ToT-Reasoner-Qwen3-1.7B

Model Description

This model is a fine-tuned version of Qwen/Qwen3-1.7B using Supervised Fine-Tuning (SFT) on the HuggingFaceH4/MATH-500 dataset. It is optimized for mathematical reasoning and problem-solving tasks. The fine-tuning process was performed by EKAGRATA TECH PRIVATE LIMITED.

Training Data

  • Source: HuggingFaceH4/MATH-500 (50 samples).
  • Format: Prompts with <reasoning>...</reasoning><answer>...</answer> structure.

Fine-Tuning Process

  • Method: Incremental SFT with learning rate=1e-5, 1 epoch per batch, batch size=10.
  • Setup: Google Colab Pro with A100 GPU.
  • Date and Time: Model uploaded at 07:23 AM on Friday, July 04, 2025.

Usage

To use this model for mathematical reasoning:

from transformers import AutoModelForCausalLM, AutoTokenizer

model = AutoModelForCausalLM.from_pretrained("ziadrone/oneplusaries55")
tokenizer = AutoTokenizer.from_pretrained("ziadrone/oneplusaries55")

SYSTEM_PROMPT = """You are a large language model trained to solve mathematical, logical, physics, and general reasoning problems.

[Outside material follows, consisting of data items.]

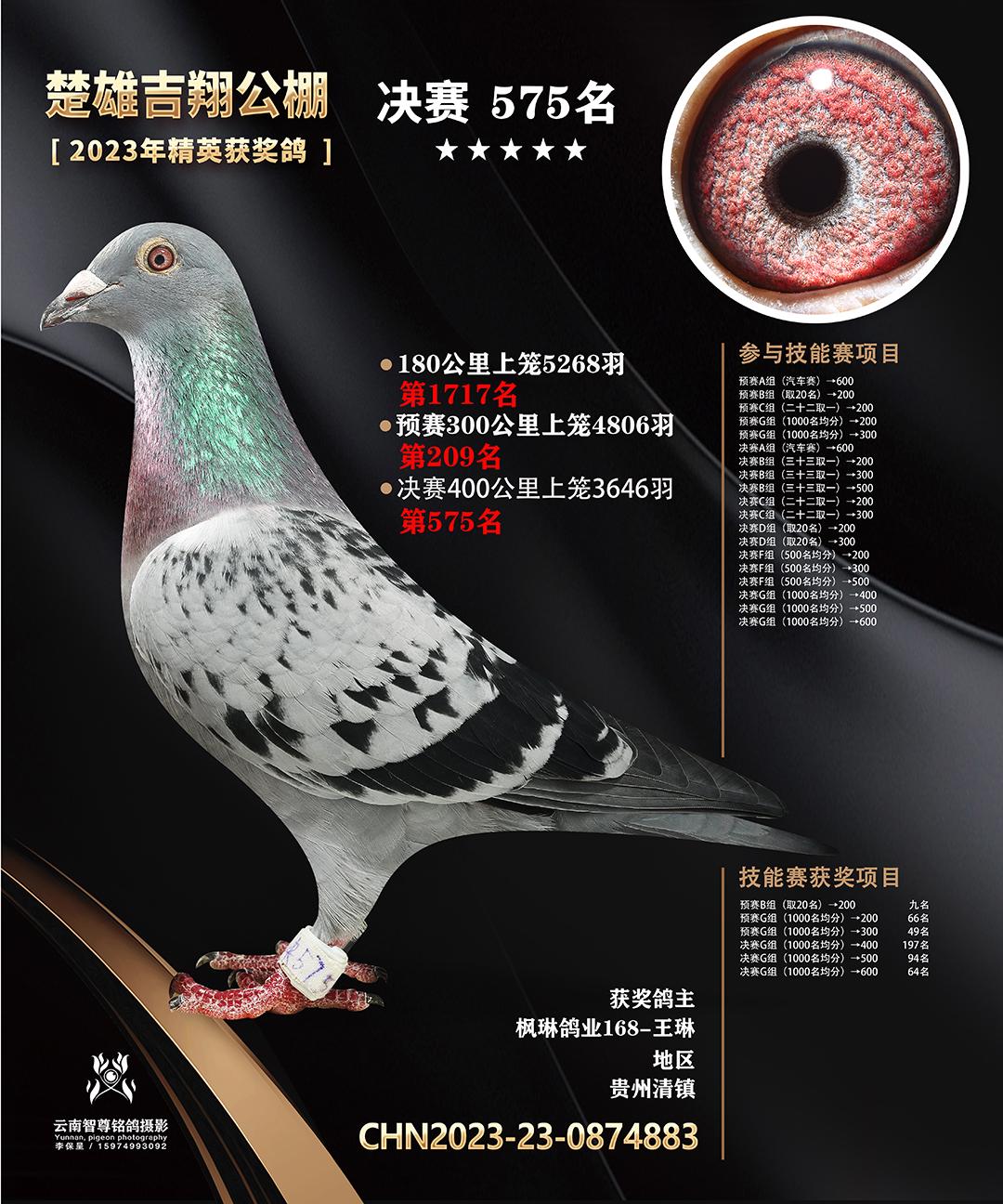 楚雄吉翔养殖有限公司(秋棚)2023年精英获奖鸽
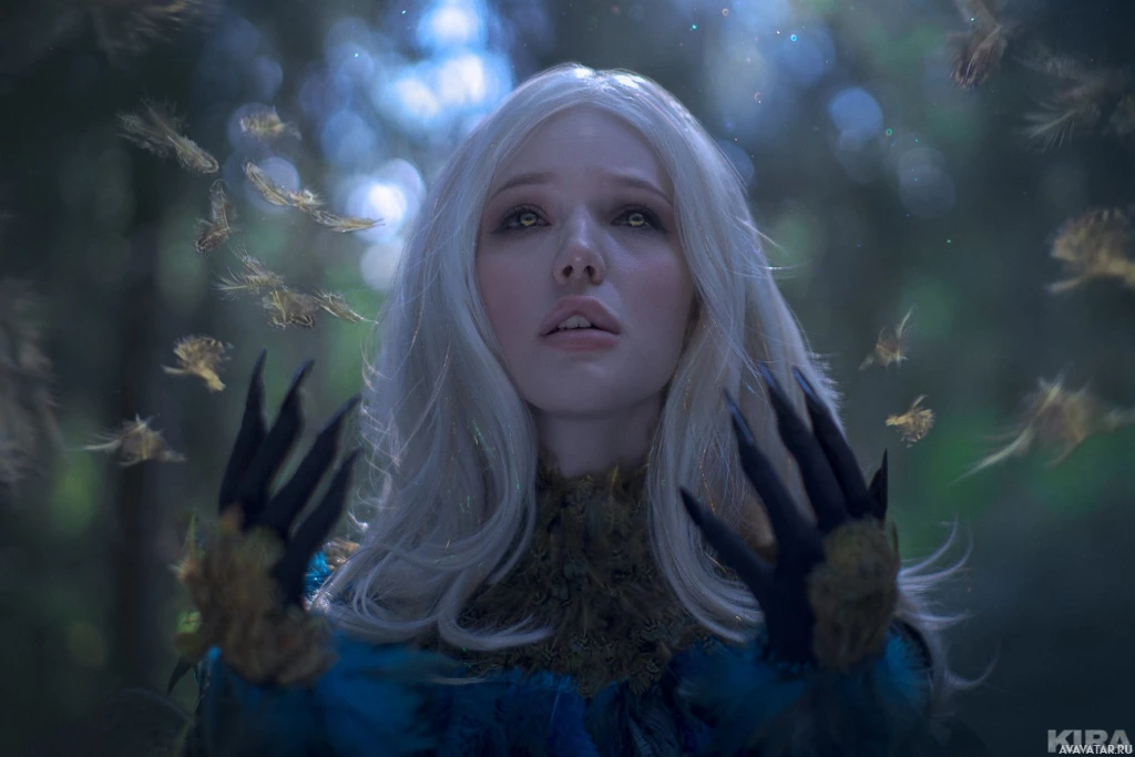 a young woman with blonde hair and pale skin, adorned in costume that could suggest a fantasy or cosplay context. She has
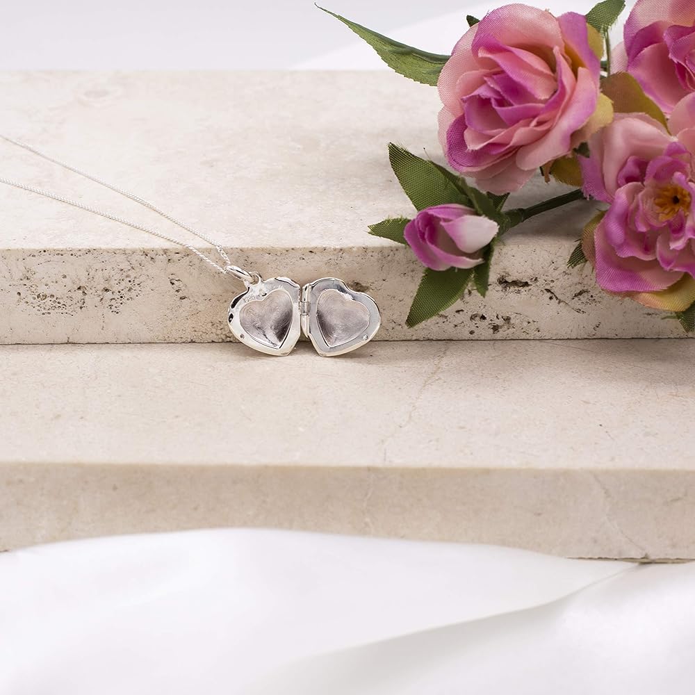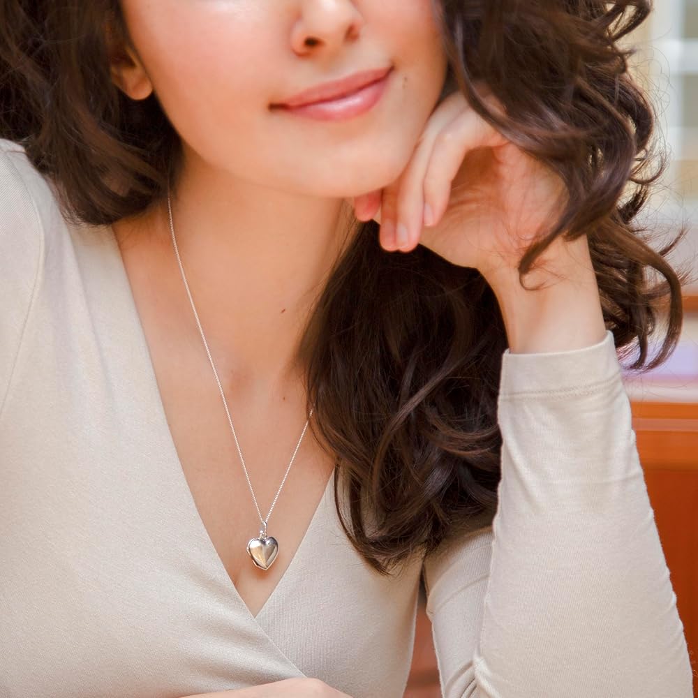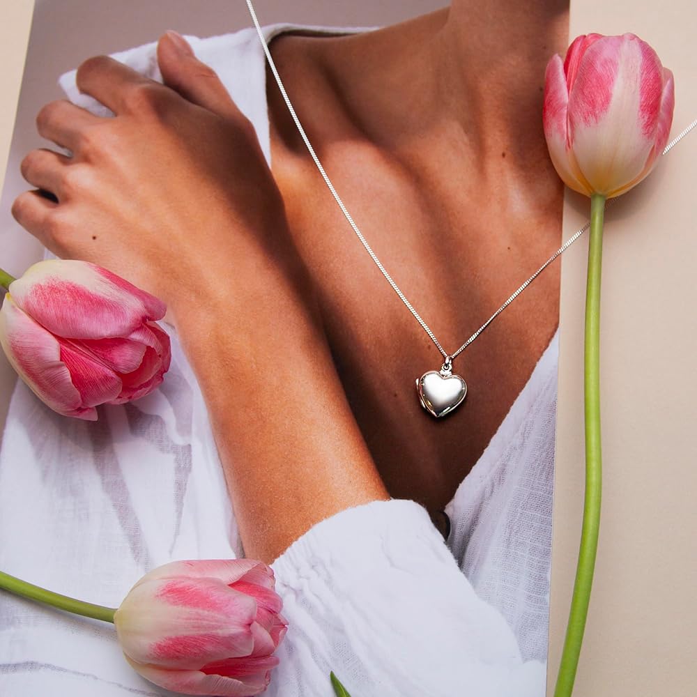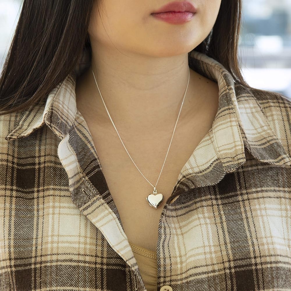 التفاصيل الدقيقة: هذه قلادة من الفضة الإسترلينية على شكل قلب على سلسلة كبح مقاس 46 سم/18 بوصة
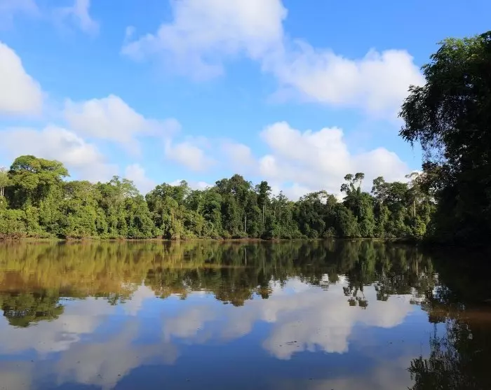 Når du går om bord i den lille båten, kan du lene deg tilbake og nyte regnskogens fredfulle atmosfære mens du seiler i soloppgangen. Landskapet rundt deg er som hentet ut av et eventyr med scenerier som kan ta pusten fra deg. Elvas slyngede løp går gjennom både åpen og tett regnskog, hvor brølende aper og syngende fugler skaper et unikt lydbilde.
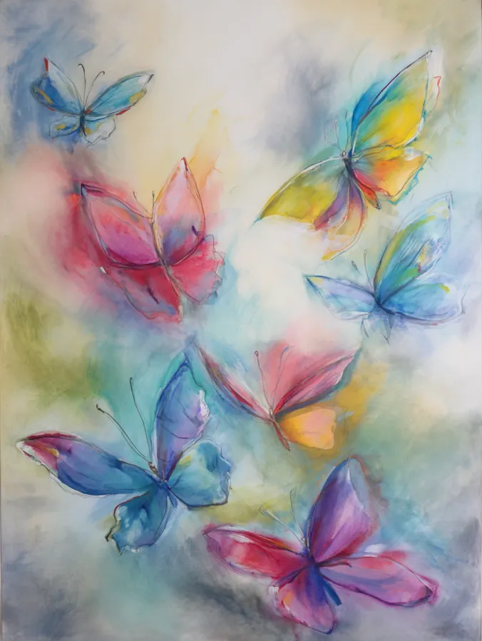 This watercolor canvas features a group of soft flowing butterflies drifting across a light dreamy background. Bright blues pinks yellows and purples blend gently within each wing and create a playful contrast against the muted backdrop. The brushstrokes feel loose and expressive with thin sketch like lines giving the butterflies movement and personality. The overall composition feels airy and balanced with each butterfly floating freely without feeling crowded.
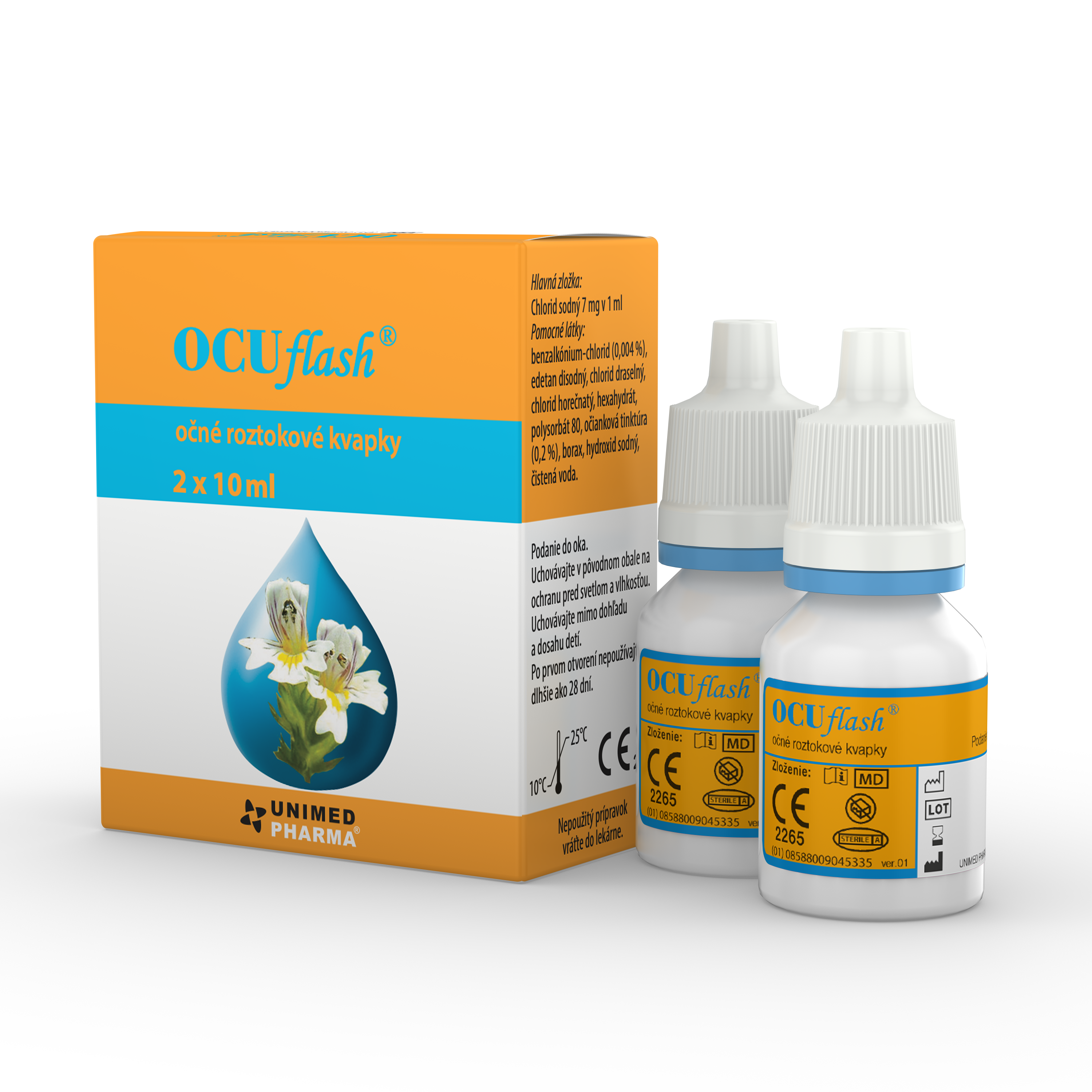 OCUflash® pôsobí v oku protizápalovo, dezinfekčne a sťahujúco. Je vhodný na prevenciu a podpornú liečbu neinfekčných zápalov viečok a spojoviek a na upokojenie podráždených očí. Vďaka svojej bezpečnosti je vhodný aj pre novorodencov, dojčatá, tehotné a dojčiace ženy.
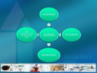 The document discusses various training methods, including on-the-job training, coaching, mentoring, job rotation, job instruction technique, and off-the-job training such as sensitivity training, transactional analysis, lectures, and games/simulations. On-the-job training involves less experienced employees learning from more experienced colleagues, coaches provide one-on-one feedback and guidance, and mentoring focuses on developing attitudes for management-level employees. Other methods like job rotation, instruction techniques, and off-the-job activities help broaden skills in different areas.
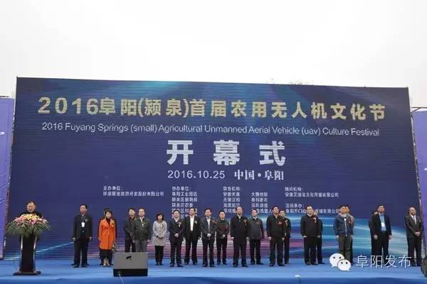 10月25号上午,2016年阜阳(颍泉)首届农用无人机文化节在祥源·阜阳生态乐园举行,市委书记于勇、副书记卢仕仁、副市长刘树生以及30多家国内顶级无人机生产销售企业代表出席开幕式。
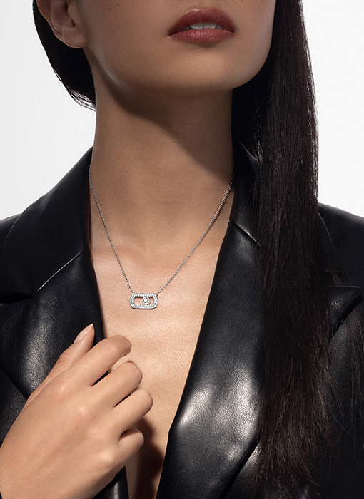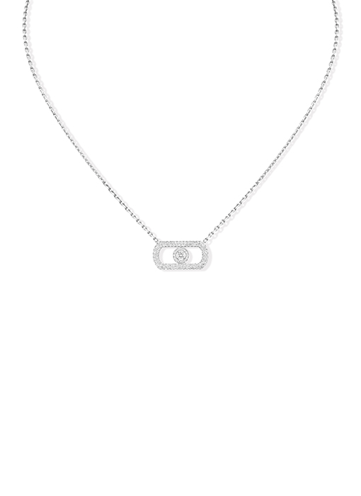 If you're looking for the ultimate status pendant necklace, look no further! The So Move diamond necklace in white gold is the Messika creation for you! The Maison's iconic motif is reinvented in an even bolder, more assertive version.
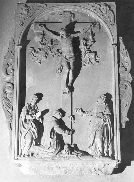 grès (gris) : taillé, décor en haut relief
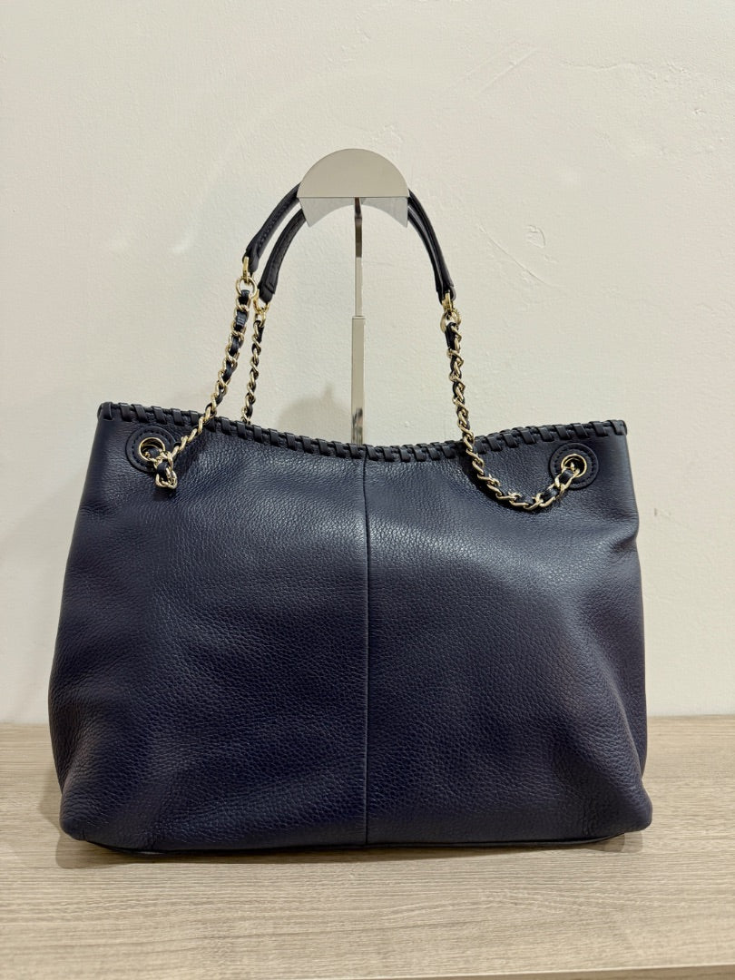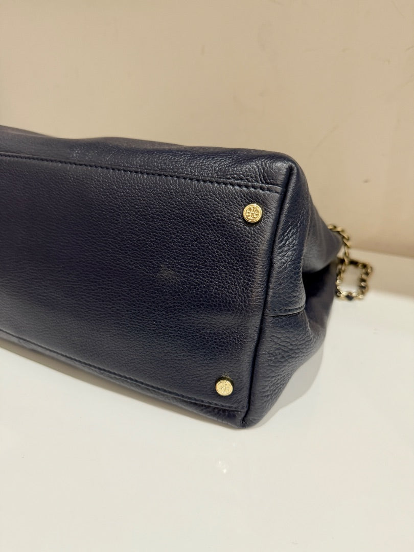 Tory Burch Navy Blue Large Leather Chain Strap Tote Handbag

You must follow the following steps to solve the problem:
1. Carefully analyze the question and identify the key information.
2. Develop a clear and concise plan to approach the problem.
3. Execute your plan step-by-step, providing detailed explanations and intermediate calculations.
4. Verify your solution to ensure it is accurate and makes sense in the context of the problem.
5. Present your final answer in a clear and concise format.
6. Always enclose the reasoning process within <reasoning>...</reasoning> tags.
7. Always enclose the final answer within <answer>...</answer> tags.
8. Do not use any other tags besides <reasoning> and <answer>.
9. Do not include any extra information outside of the reasoning or answer tags."""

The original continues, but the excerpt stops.